序盤、湯郷はいきなり最終ラインでのビルドアップで致命的なミスが出てしまい、一度は何とか防いだものの、PKを献上。これを得点ランクトップのC大阪堺Lの17歳のFW宝田沙織が決めてC大阪堺Lが先制。
その後は湯郷が最終ラインから丁寧なパスを繋ぎ、ワンタッチのショートパスとフリーランでサイドから中央へと入って来る独特の中央突破から、最後は巴月優希が抜け出してGKの脇下を抜くシュートで1ー1。続けて、FKからのオウンゴールで1-2と逆転。
ただし、33分に微妙な判定で再びC大阪堺LにPKが与えられ、松原志歩が決めて2-2。直後の37分には宝田に左サイドから抜け出されて対応できずに3-2と再逆転という撃ち合いで前半を折り返した。
後半は選手交代も含めて総力戦の様相を呈し、全てを投げうった采配で、湯郷が南米のチームのようなドリブルとパスを織り交ぜながらの攻撃から再び巴月がこの日2点目となる得点で3-3と80分に追いついた。
しかし、C大阪堺Lは試合終了間際の90分にパワープレイでロングボールをゴール前に送った混戦から、最後は途中出場のFW田中智子が押し込んで4-3として決勝点。
湯郷は敗れたが、巴月が挙げた2得点はアルゼンチンのような南米テイストの仕掛けと崩しが見られた。現役時代にアルゼンチンの強豪・ボカジュニアーズに所属するなど、南米の血が流れる亘監督の“色”なのだろう。今後は面白いチームになっていく可能性を感じた。

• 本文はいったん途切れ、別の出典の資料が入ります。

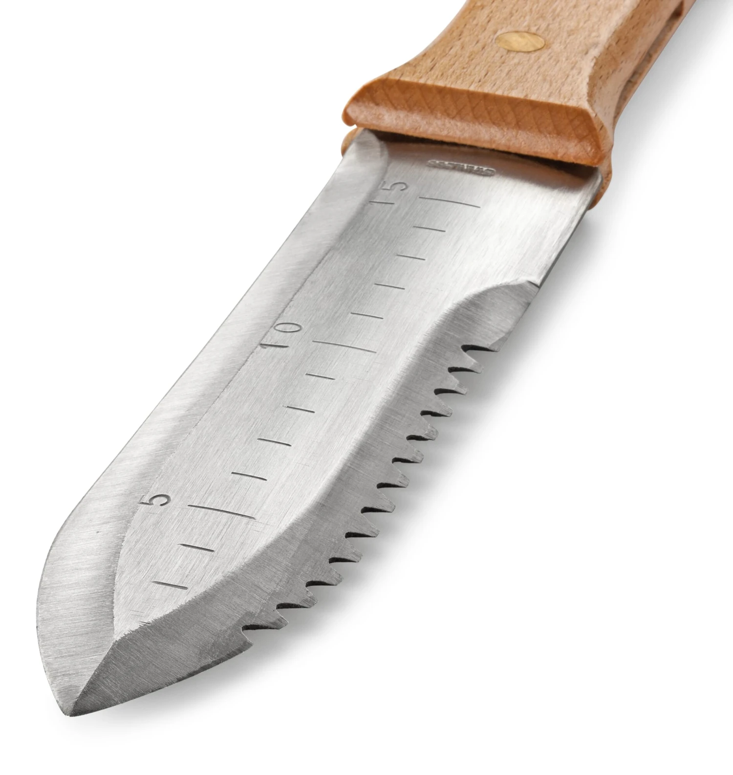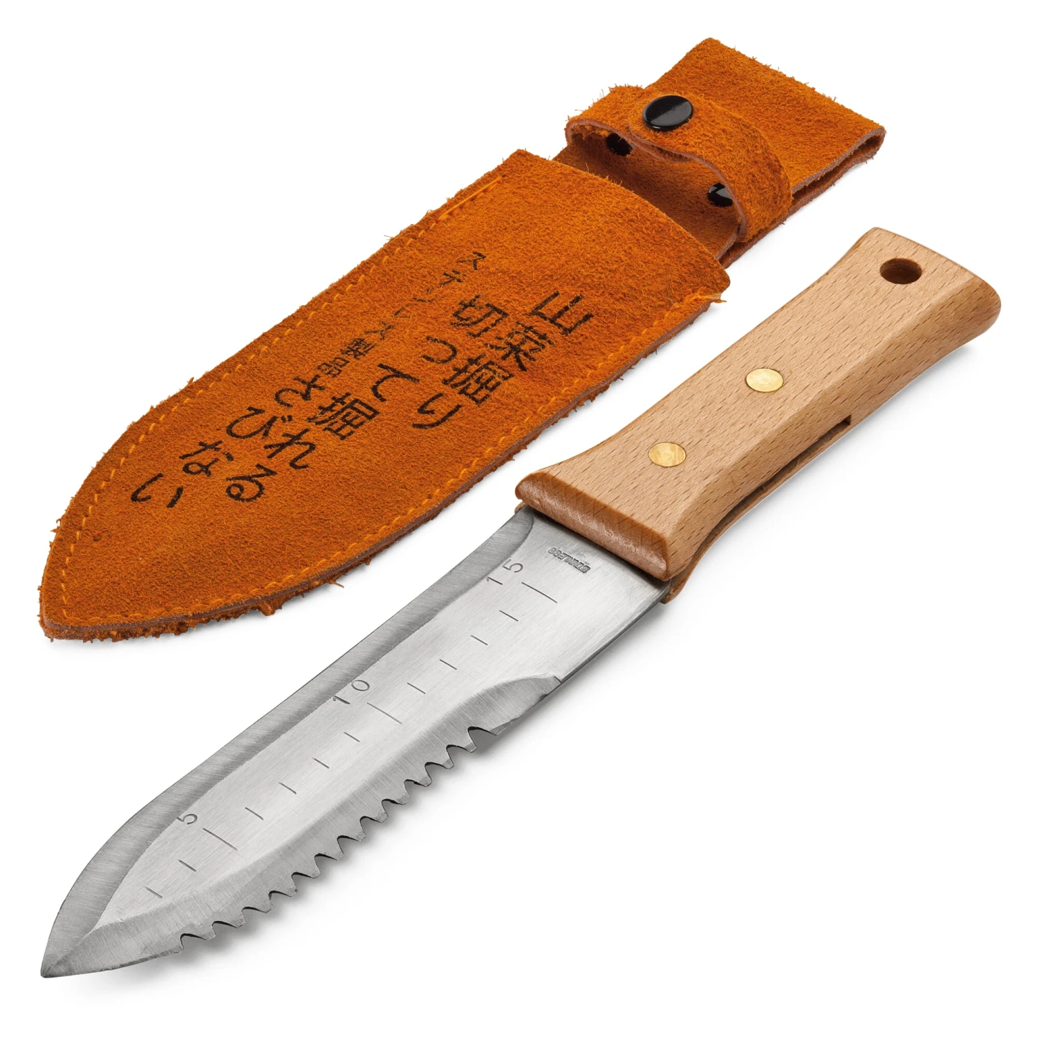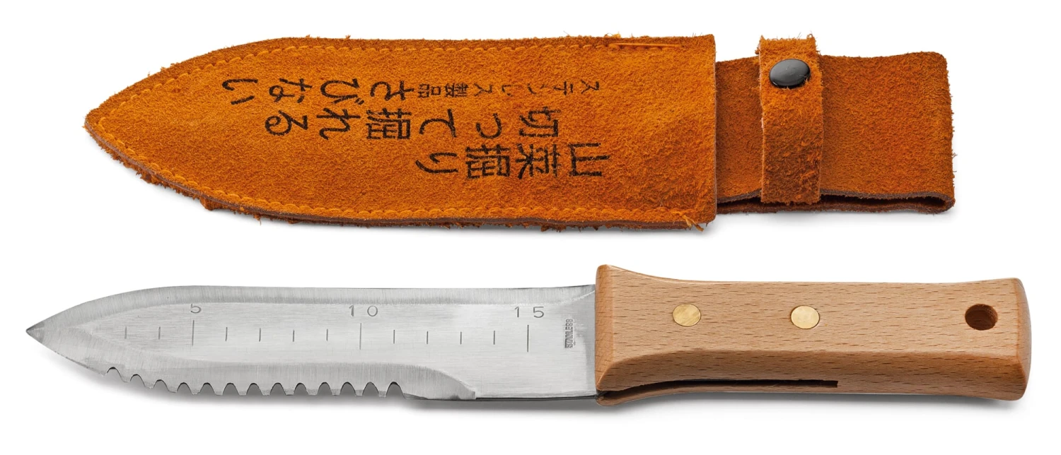De “Hori-Hori” is een alomtegenwoordig gereedschap in Japanse tuinen voor vele doeleinden: de puntige, licht gebogen vorm maakt het planten en verplanten van planten in potten en buiten mogelijk, de breedte van het blad maakt het gemakkelijk om te spitten; de gekartelde en geslepen rand kan worden gebruikt om kruidachtige borders te verdelen of wortels door te snijden.
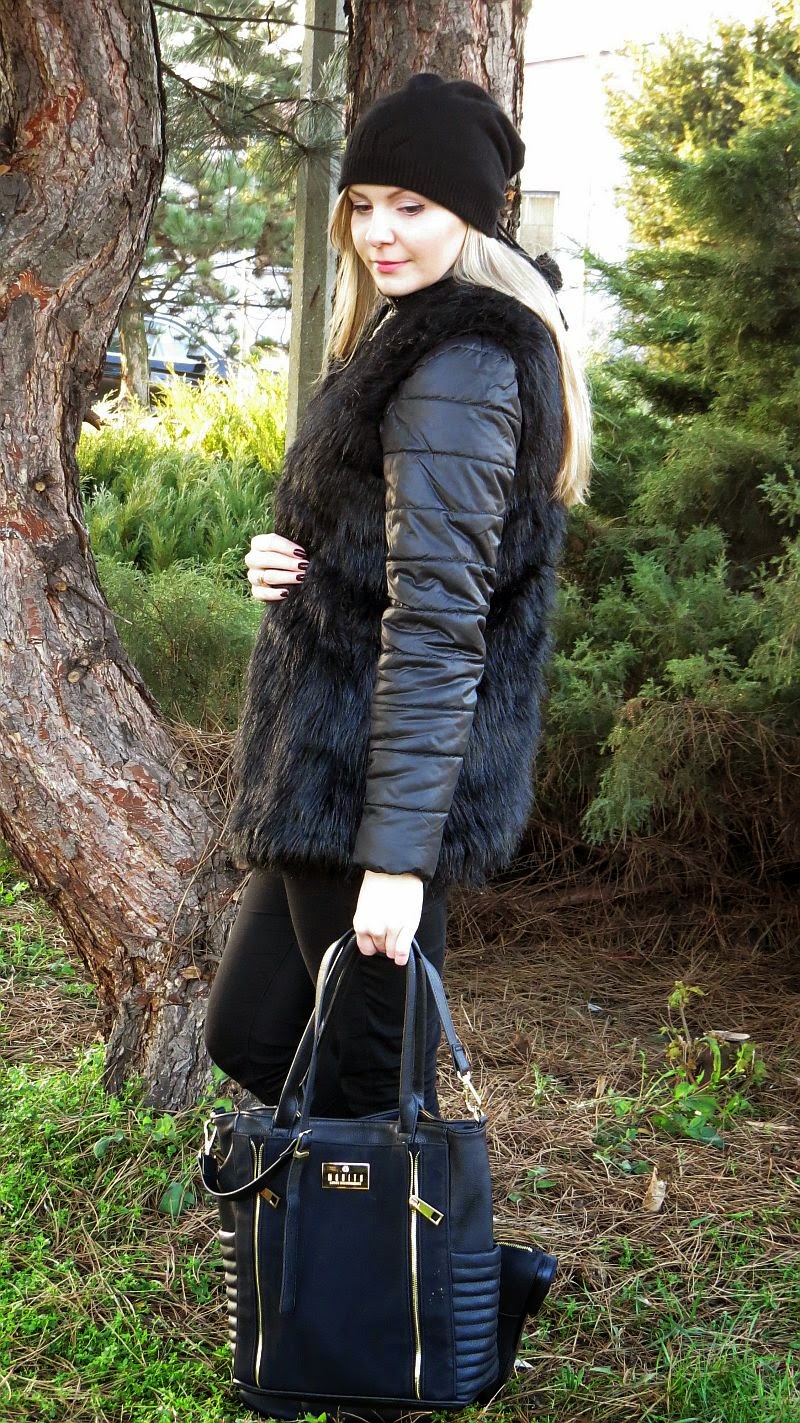 dzisiaj pora na stylizacje, pogoda w ten weekend nas rozpieszczała, piękne słońce i +8 na termometrze. Piękna zima ;) Ja jestem jednak osobą, której zawsze zimno i ubieram się ciepło. Cebulka to mój ulubiony styl na okres zimowy. Ta stylizacja ma w sobie dwie kategorię, pierwsza to w zasadzie post zakupowy, bo większość rzeczy niedawno kupiłam, druga poradnik jak się nie ubierać, żeby nie z robić z siebie pączka :) Może jednak lepiej pozostać przy wersji zakupowej ;) Otóż jestem ogromną fanką futrzanych kamizelek, posiadam już dwie, ale czarnej nie mogłam się oprzeć :) rewelacyjnie wygląda narzucona na sweter, czy koszulę, ale w formie narzutki na kurtkę też fajnie się spisuje (pomijam kwestie +10kg) Botki, torebka, kurta i sweter pod to także moje nowości. Dlaczego tak czarno? Tak wyszło, poza tym staram się aby moja szafa była bardziej klasyczna. Stawiam ostatnio na biel, szarość, beż i czerń. Mam nadzieje, że uda mi się wytrzymać w moim postanowieniu. Miłego oglądania ;) Pozdrawiam

そして何よりも上記したような、なでしこリーグ2部のレベルの高さを象徴するような攻撃的な試合で、観ていて面白い試合だった。湯郷はもちろん、各チームの多彩なチーム作りや次なる代表選手の誕生を予感させる今季のなでしこリーグ2部には大きな期待と楽しみをもって観戦したい!